Est notamment visé un article de Laurent Bodin dans L’Alsace, censé s’exprimer en son nom propre (dixit le journaliste présent lors de la conférence de presse), alors qu’il s’agit d’un éditorial, donné dans Wikipédia comme « un genre journalistique qui donne à savoir la position ou le point de vue de l’éditeur ou de la rédaction d’un média sur un thème d’actualité« …

Christian Rubechi fera encore remarquer que près d’une cinquantaine de manifestations ont été interdites en France au nom du risque de trouble à l’ordre public et du danger terroriste (ce qui ne fut jamais le cas à Mulhouse), lesquelles ont donné lieu à quarante neuf annulations d’interdiction devant les tribunaux administratif, quand le terrorisme reste une qualification politique ne relevant pas du droit international, ainsi que s’y tient Amnesty International France.

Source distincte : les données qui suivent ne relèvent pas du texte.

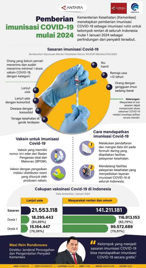 kalselpos.com– Kementerian Kesehatan (Kemenkes) menetapkan pemberian imunisasi Covid-19 sebagai imunisasi rutin untuk kelompok rentan di seluruh Indonesia mulai 1 Januari 2024 sebagai perlindungan dari penyakit tersebut.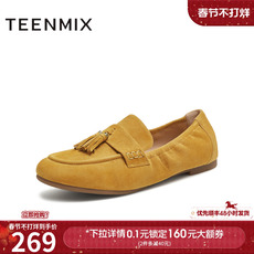天美意复古平底乐福鞋豆豆鞋女软底休闲单鞋2025秋季新款BL901CA5

A ce sujet, Nelson Mandela a été considéré jusqu’à sa libération de prison comme un terroriste par la police de la minorité blanche afrikaner, la Résistance française fut traitée comme une organisation terroriste aux yeux des collaborateurs et des occupants allemands, et même Yasser Arafat, fondateur de l’organisation de libération de la Palestine (OLP) et du Fatah, fut longtemps considéré comme un redoutable terroriste aux yeux du gouvernement israélien.

Il a également été question de s’extraire du piège grossier formé par les accusation d’antisémitisme, abondamment dispensée par les tenants du soutien inconditionnel à l’État d’Israël, quand l’hébreu, l’araméen et l’arabe sont linguistiquement apparentées, mais que les défenseurs de la cause israélienne, à commencer par l’extrême-droite, qui vient par elle de s’acheter un philo-judaïsme virginal, sont le plus souvent des anti-arabes forcenés.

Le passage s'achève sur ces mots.